When a page fault occurs on an anonymous page, a page is allocated with GFP flags 0x100cca through the chain of functions: shmem_fault -> shmem_get_folio_gfp -> shmem_alloc_folio -> alloc_pages_mpol. This results in the allocation of a movable page.

As a result, if many anonymous pages experience page faults, PTEs are created and unmovable pages are allocated.

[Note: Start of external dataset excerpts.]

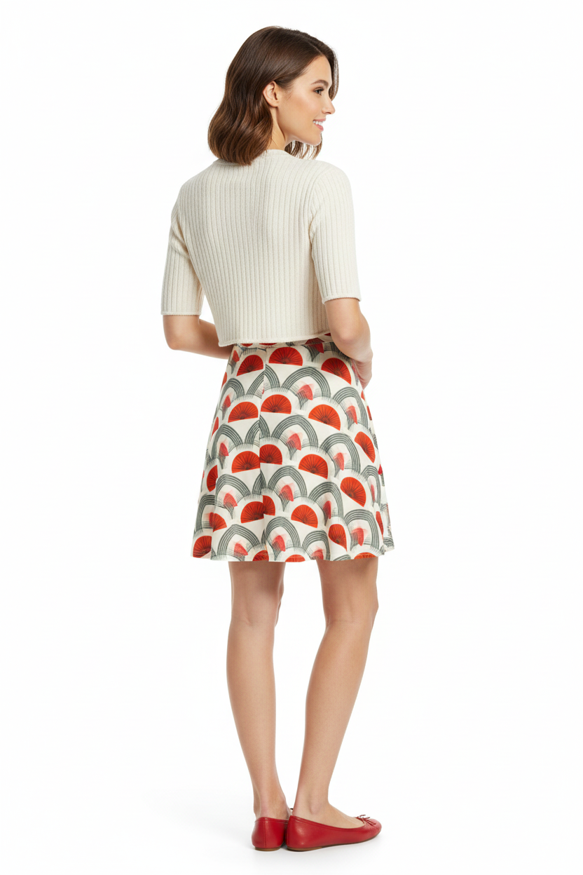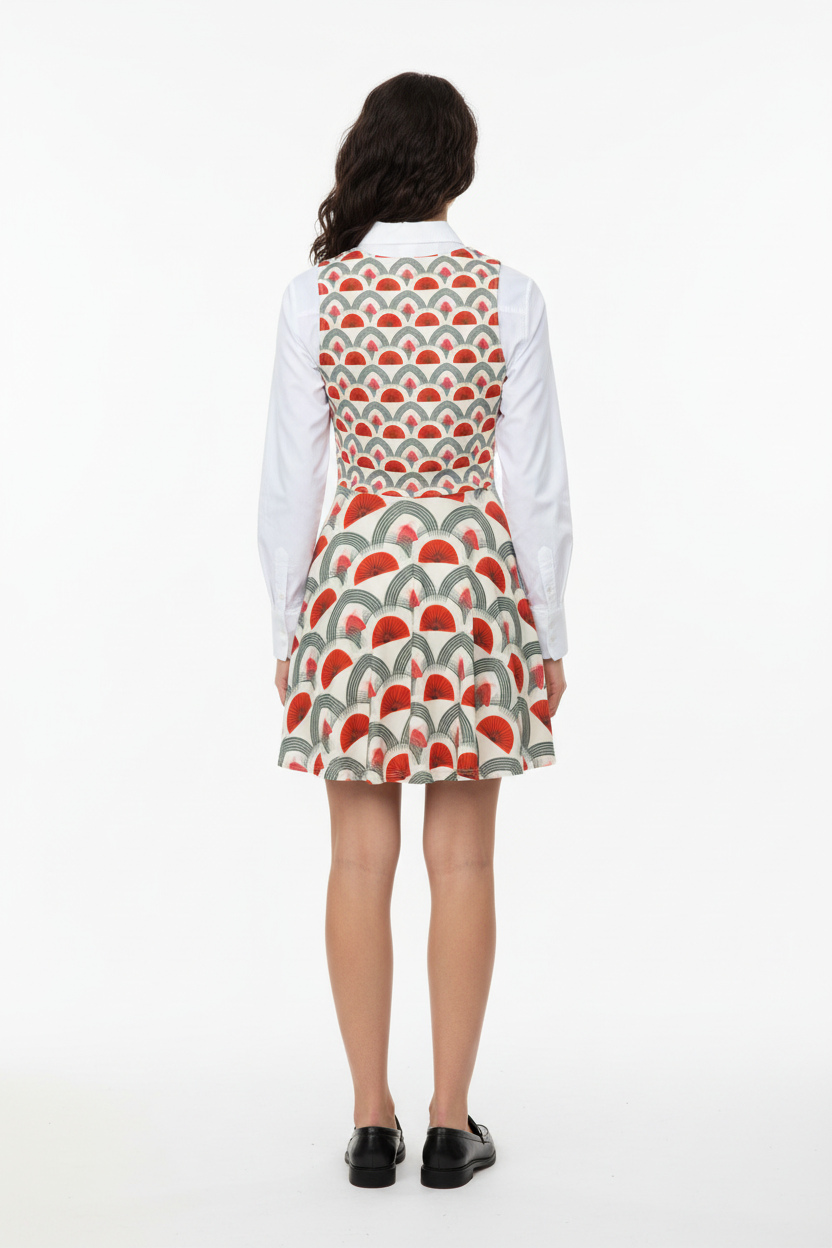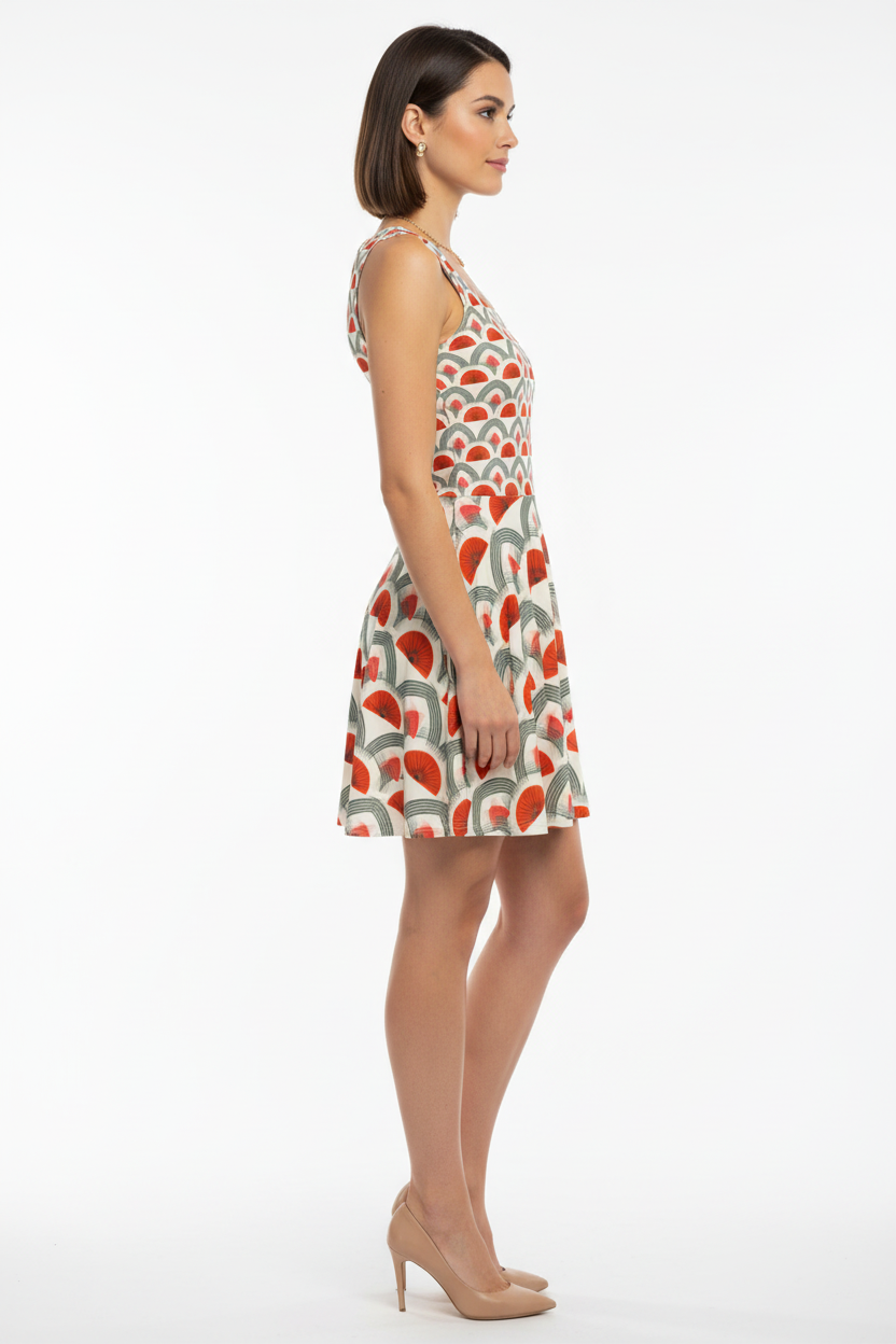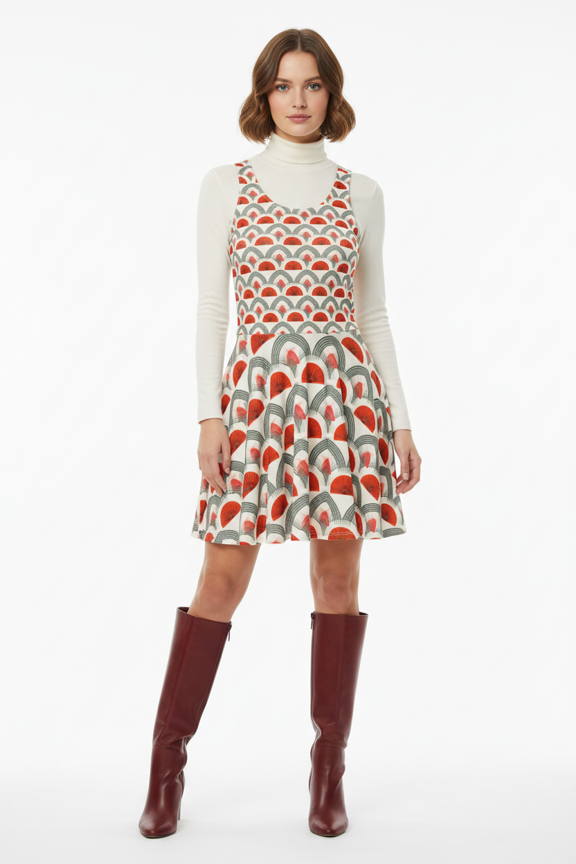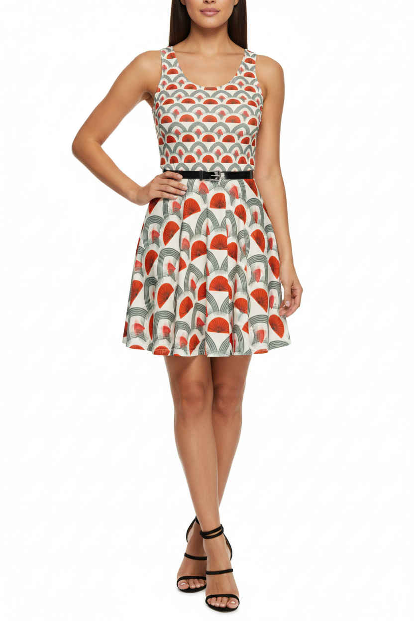 Step into timeless sophistication with the Rouge Moderne Fit & Flare Dress, where vintage art deco elegance meets contemporary style. The striking pattern features bold red semicircles and graceful gray arches on a cream canvas, creating a geometric masterpiece that commands attention with refined confidence.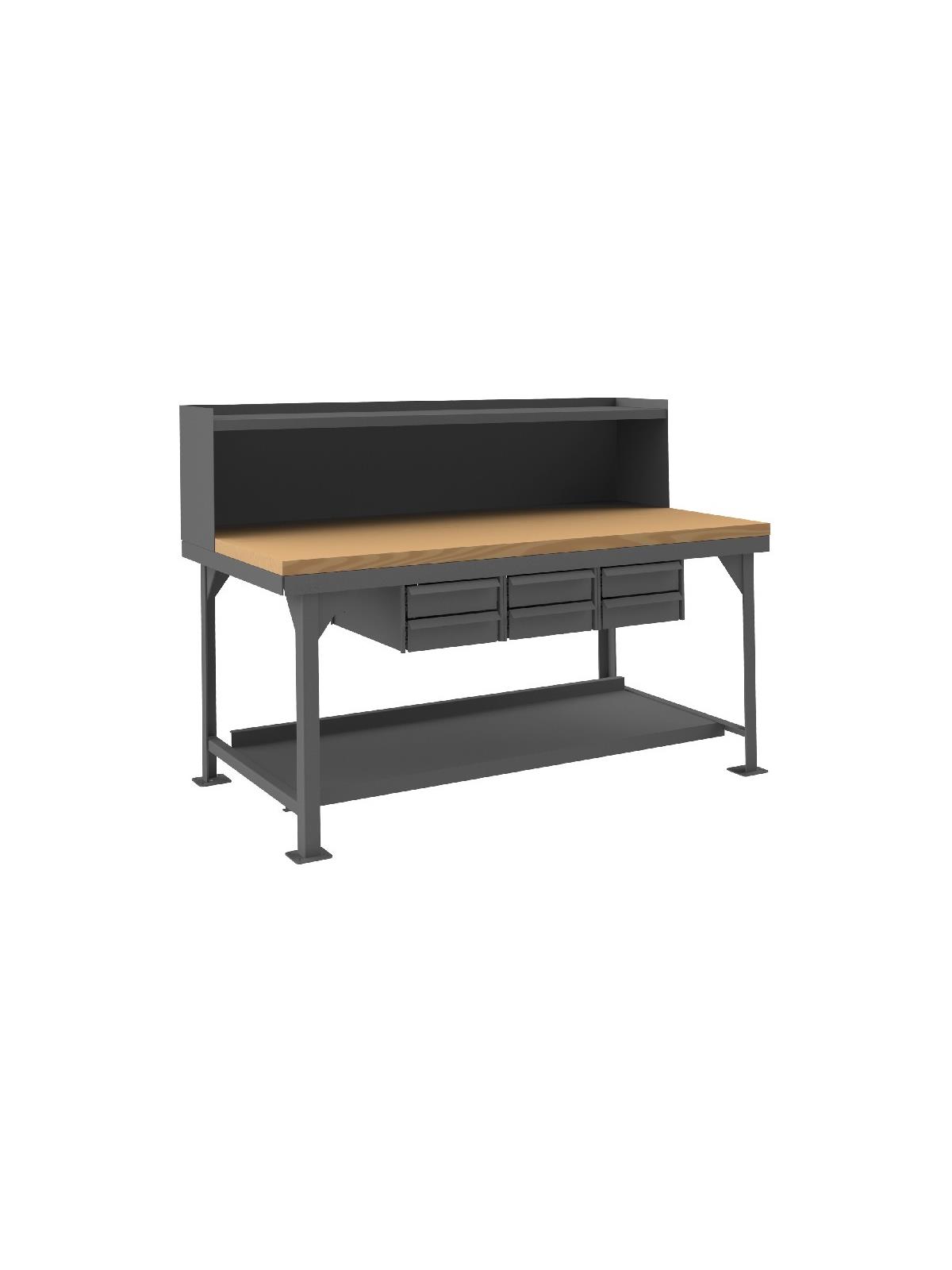 Products with top shelf risers used as shelf and back splash. See Related Items tab for Drawer for Durham Work Benches.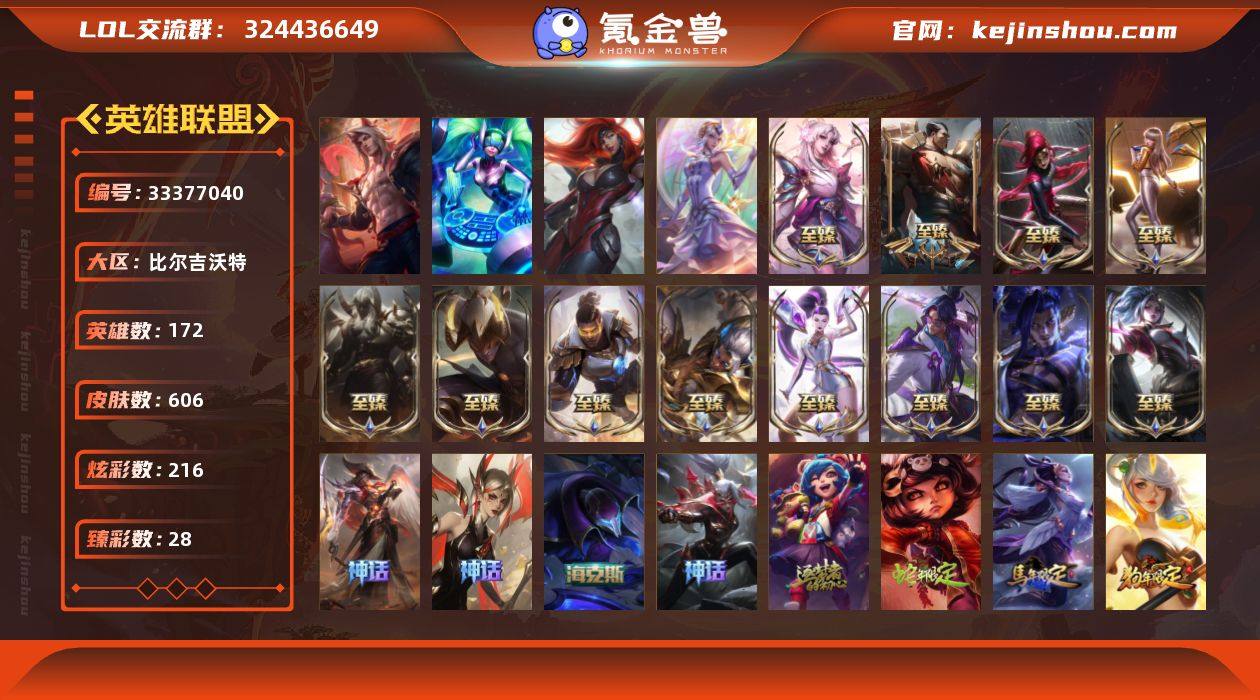 【圣堂瑟提 神话幻想永恩】级段位-172英雄-606皮肤-216炫彩-3终极-23神话-97限定-67传说-93史诗 【珍稀头像】:雪花头像 【热门头像】:爱意绵绵头像 【圣堂皮肤】:金蛇巨星瑟提 【神话皮肤】:十周年纪念安妮,殿堂传奇乐芙兰,殿堂传奇薇恩,西部魔影炽天使永恩 【至臻皮肤】:至臻灵魂莲华易,至臻黑色玫瑰假面舞会卡特琳娜,至臻暗裔英雄嘉文四世,至臻黑夜使者李青,至臻魔女阿卡丽,至臻灵魂莲华拉克丝,至臻凯旋将军德莱厄斯,至臻永恒星灵佐伊,至臻KDA卡莎,至臻KDAALLOUT卡莎,至臻未来战士卢锡安,至臻灵魂莲华劫,至臻腥红之月亚托克斯,至臻T1塞拉斯,至臻莲华温泉厄斐琉斯,至臻北极星神梅尔,至臻神龙尊者炎龙瑟提,至臻至高天奎桑提 【海克斯皮肤】:海克斯科技魔腾 【臻彩皮肤】:天龙之子卡莎飞龙乘云,吕布奉先炫金战神,墨之影武者亚索金墨耀影,灵魂莲华阿狸春晓,神龙尊者圣龙李青龙腾云起,墨之影武者永恩云墨漾影,西部魔影永恩忠诚,幻灵白鸽萨勒芬妮梦幻强袭,花仙子拉克丝纹白,霸天异形卡兹克掠空魅影,弹幕天使卡莎炽天使勇敢,西部魔影卢锡安贝利尔之怠,玉剑传说翼剑仙珠光,星之守护者金克丝黑洞,海之歌永恩月夜潮汐,殿堂传奇乐芙兰登神,...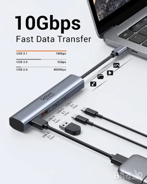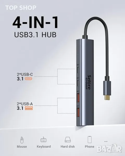10Gbps USB C хъб, USB C към USB C/A, 4 порта (НЕ поддържа зареждане и монитор)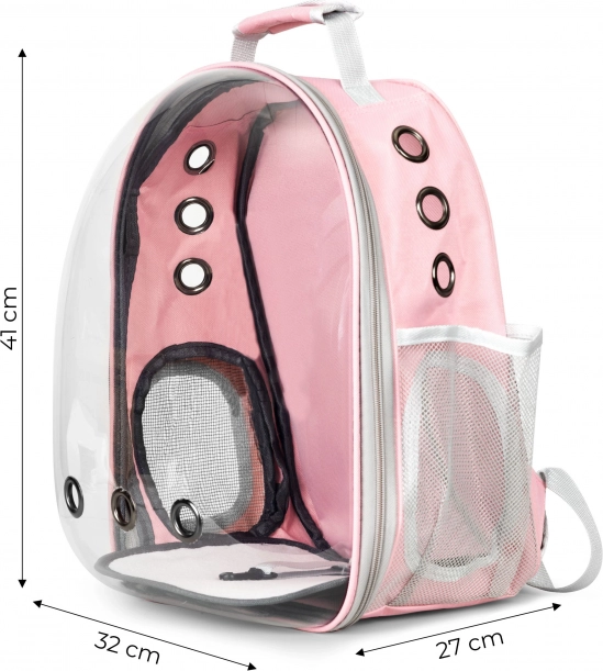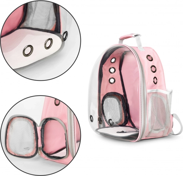 En stilfuld og praktisk kæledyrsrygsæk, der kombinerer en gennemsigtig front for bedre udsyn, effektiv ventilation og ergonomisk design for behagelig rejse. Takket være den holdbare konstruktion, sidelommer og nem vedligeholdelse er den ideel til udflugter, byture og besøg hos dyrlægen.
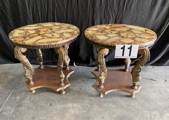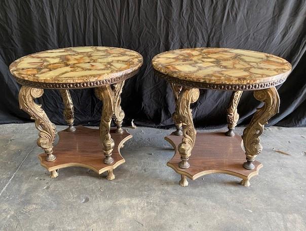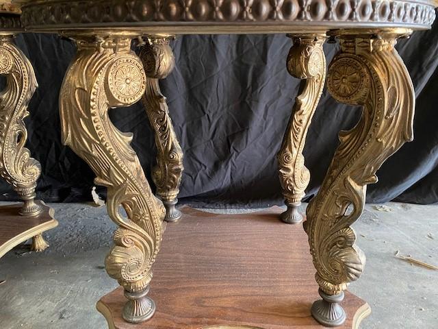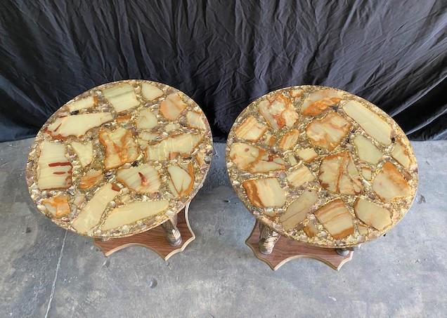 M.C.M. = Mid-Century Modern. Possible for Muller's of Mexico. Alabaster inlay. Stamped "Mexico". Estimated weight of lot: 100lbs. Measurement: 22"Diameter x 22"H
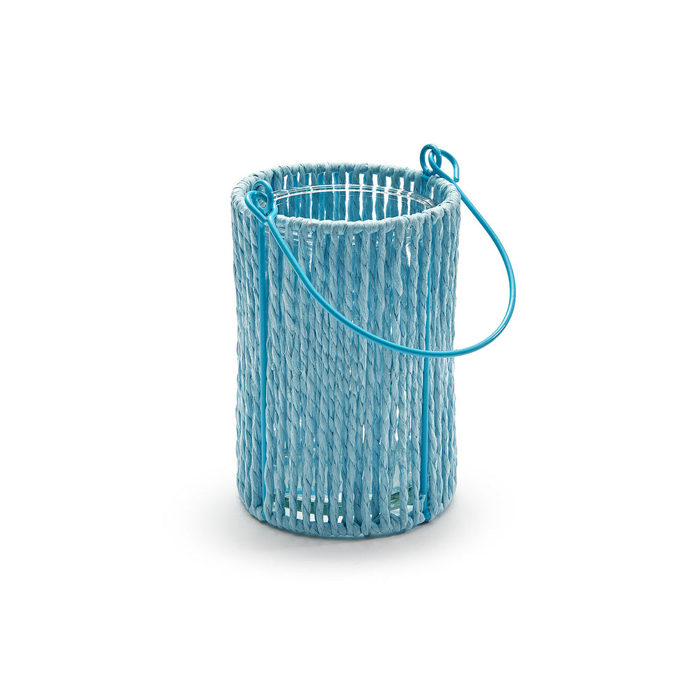 Lantaarn rond 'Lumière' hemelsblauw 16cm

At this point, when the pipe_buffer is freed and the unmovable page is allocated, an OOB can be triggered, allowing manipulation of the PTE.

In this challenge, since there is only one CPU, there is no need to worry about pcpu pagesets.

Check the GFP flags below:

enum {
    ___GFP_DMA_BIT,
    ___GFP_HIGHMEM_BIT,
    ___GFP_DMA32_BIT,
    ___GFP_MOVABLE_BIT,
    ___GFP_RECLAIMABLE_BIT,
    ___GFP_HIGH_BIT,
    ___GFP_IO_BIT,
    ___GFP_FS_BIT,
    ___GFP_ZERO_BIT,
    ___GFP_UNUSED_BIT,    /* 0x200u unused */
    ___GFP_DIRECT_RECLAIM_BIT,
    ___GFP_KSWAPD_RECLAIM_BIT,
    ___GFP_WRITE_BIT,
    ___GFP_NOWARN_BIT,
    ___GFP_RETRY_MAYFAIL_BIT,
    ___GFP_NOFAIL_BIT,
    ___GFP_NORETRY_BIT,
    ___GFP_MEMALLOC_BIT,
    ___GFP_COMP_BIT,
    ___GFP_NOMEMALLOC_BIT,
    ___GFP_HARDWALL_BIT,
    ___GFP_THISNODE_BIT,
    ___GFP_ACCOUNT_BIT,
    ___GFP_ZEROTAGS_BIT,
#ifdef CONFIG_KASAN_HW_TAGS
    ___GFP_SKIP_ZERO_BIT,
    ___GFP_SKIP_KASAN_BIT,
#endif
#ifdef CONFIG_LOCKDEP
    ___GFP_NOLOCKDEP_BIT,
#endif
#ifdef CONFIG_SLAB_OBJ_EXT
    ___GFP_NO_OBJ_EXT_BIT,
#endif
    ___GFP_LAST_BIT
};

An exploit technique that is often used involves using the vmsplice function on a pipe to copy pages from a file object, such as /etc/passwd, and then modifying the file contents.
For more details, please refer to [2].

Leaking Physical base address

By modifying the PTE, we can read and modify the values of the desired physical memory. Therefore, we need to know the value of the physical address. On both Linux and Windows, you can find fixed physical addresses as shown in the image below.

Fixed physical address range

The pages around here are always fixed, and it appears that the data in the page table remains intact. Therefore, you can leak and effectively use the kernel-land physical address located at the 0x9c000 offset.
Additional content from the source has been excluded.